🤖 AI Summary
This paper addresses critical challenges in large language models (LLMs), including hallucination, outdated knowledge, high inference costs, and memory constraints, by systematically investigating synergistic integration mechanisms between LLMs and vector databases (VecDBs). We propose the first analytical framework for LLM–VecDB co-design, introducing a taxonomy of integrated impact factors. The study identifies twelve representative integration patterns, distills six core technical challenges, and outlines nine evolutionary pathways—spanning dense retrieval, retrieval-augmented generation (RAG) architectures, HNSW/IVF indexing, embedding fine-tuning, and hybrid query optimization. Furthermore, we prospectively highlight semantic index enhancement and dynamic knowledge injection as promising research directions. Collectively, this work provides both theoretical foundations and practical guidelines for developing efficient, trustworthy, and scalable LLM applications grounded in VecDB augmentation.
📝 Abstract
This survey explores the synergistic potential of Large Language Models (LLMs) and Vector Databases (VecDBs), a burgeoning but rapidly evolving research area.

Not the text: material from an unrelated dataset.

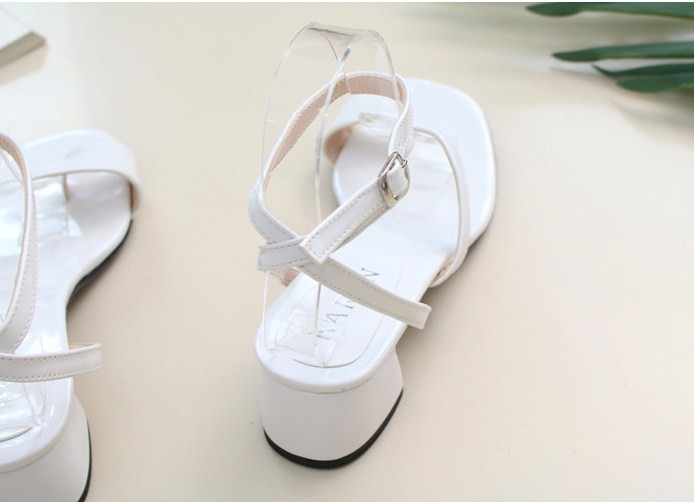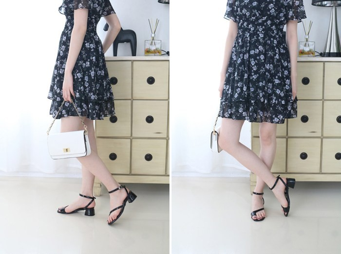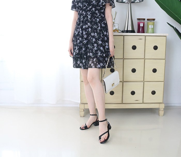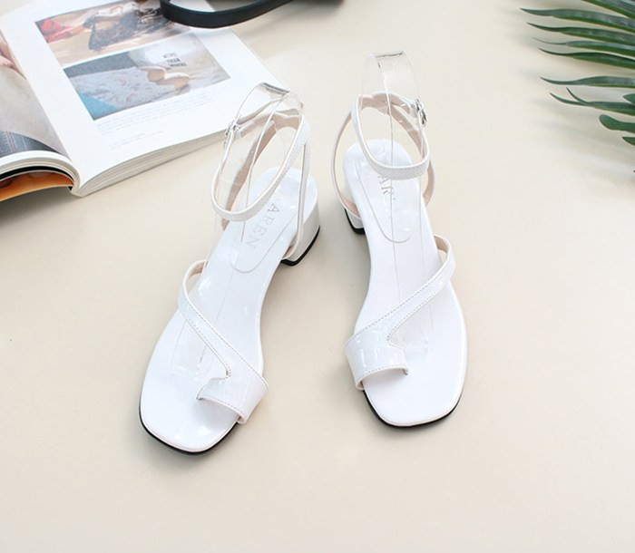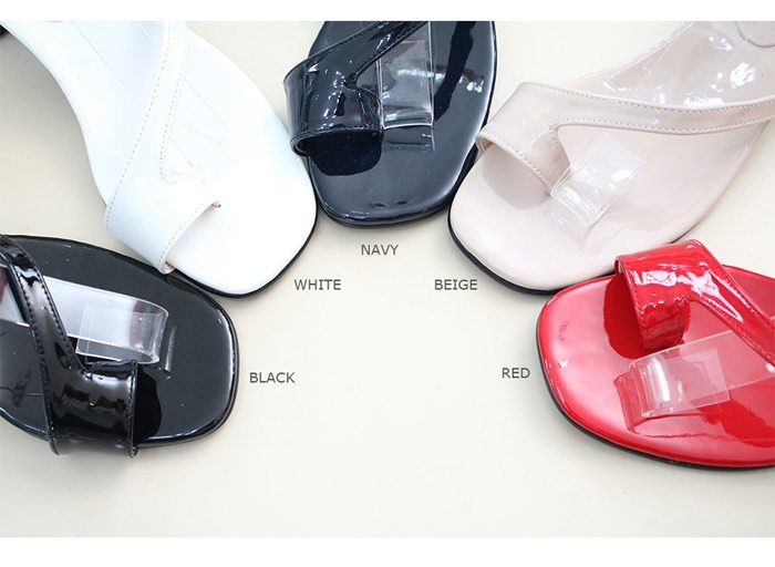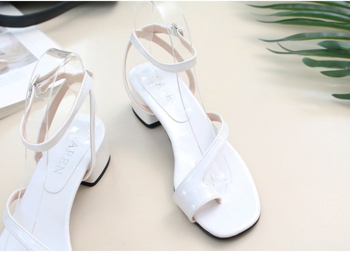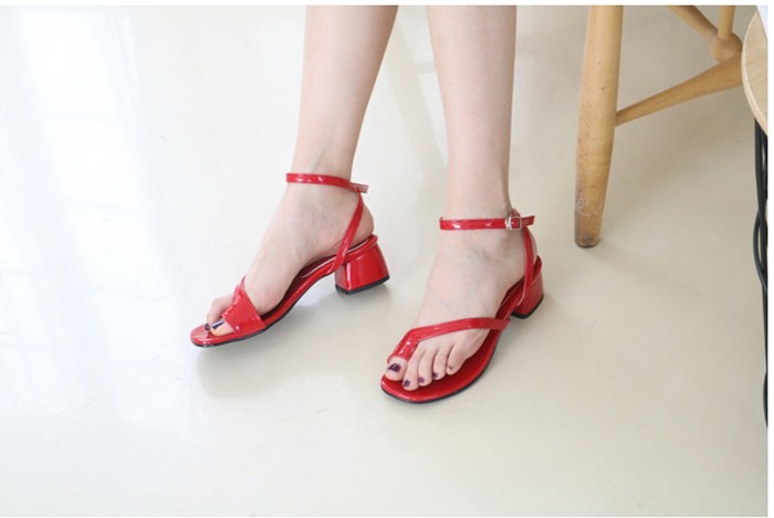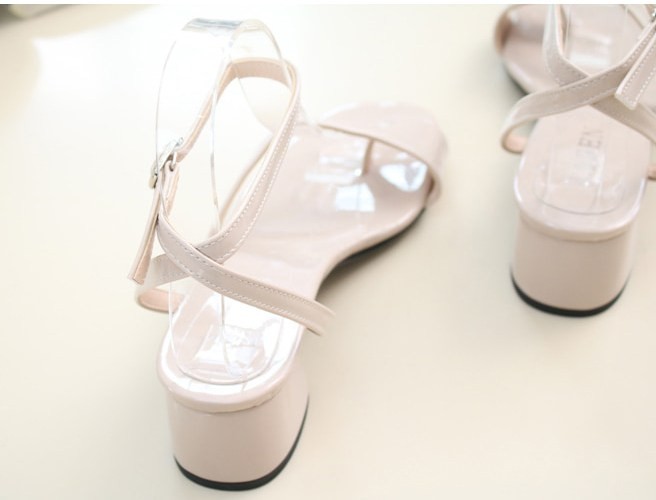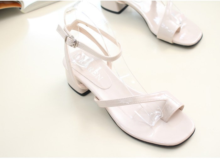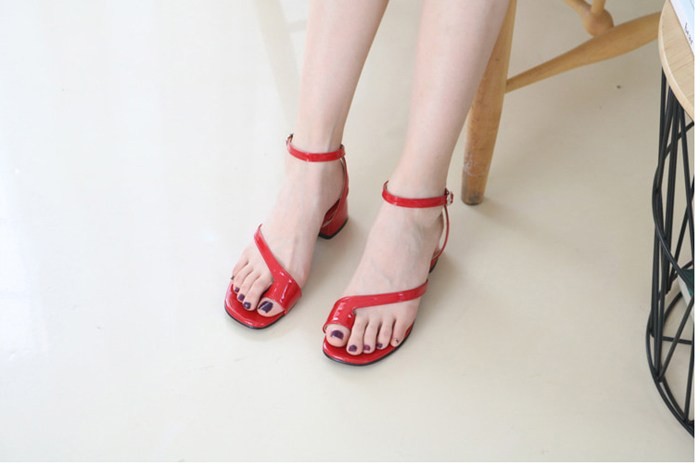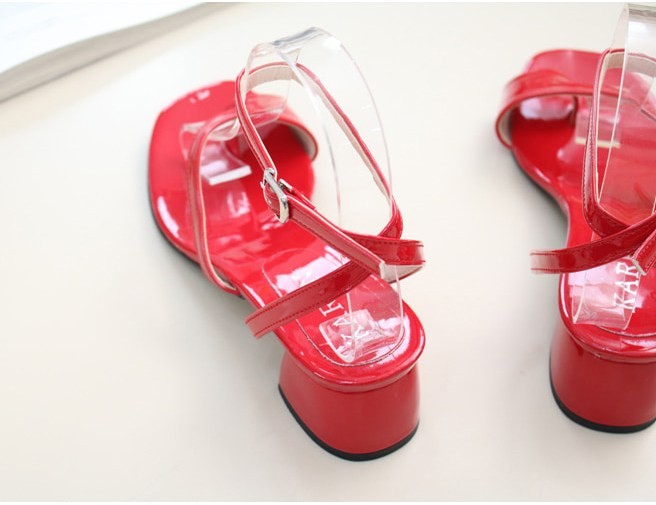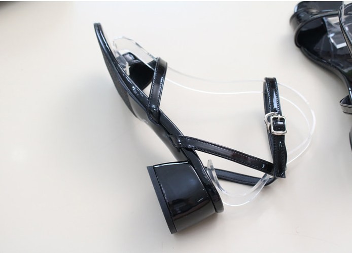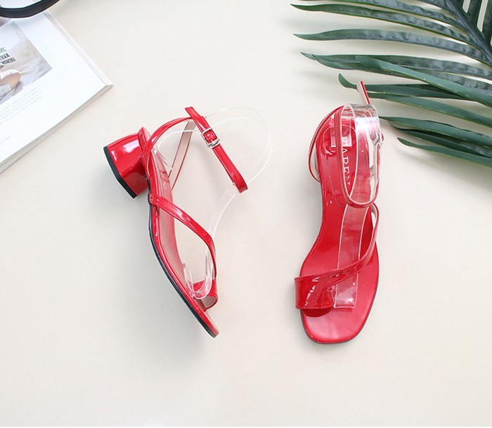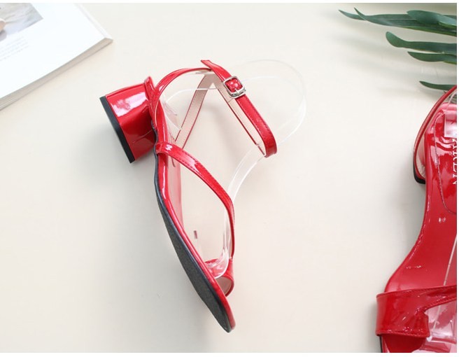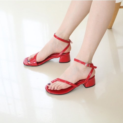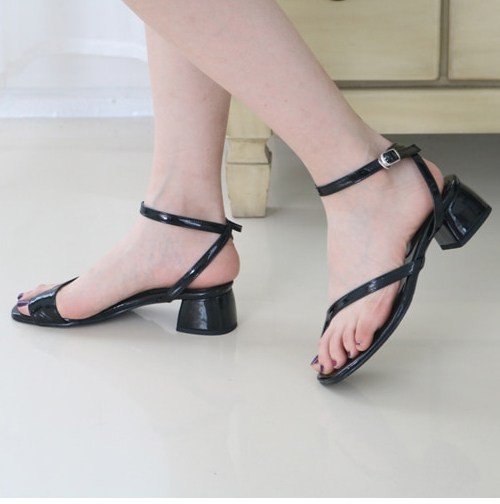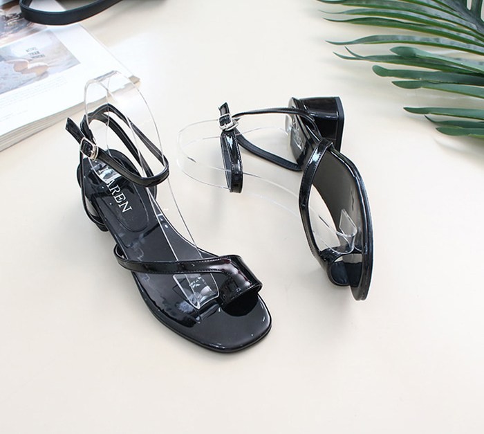 商品名:サンダル レディース 太ヒール チャンキーヒール エナメル調 アンクルストラップ ミドルヒール 2018 夏 ファッション 靴 婦人靴

With the proliferation of LLMs comes a host of challenges, including hallucinations, outdated knowledge, prohibitive commercial application costs, and memory issues. VecDBs emerge as a compelling solution to these issues by offering an efficient means to store, retrieve, and manage the high-dimensional vector representations intrinsic to LLM operations. Through this nuanced review, we delineate the foundational principles of LLMs and VecDBs and critically analyze their integration’s impact on enhancing LLM functionalities. This discourse extends into a discussion on the speculative future developments in this domain, aiming to catalyze further research into optimizing the confluence of LLMs and VecDBs for advanced data handling and knowledge extraction capabilities.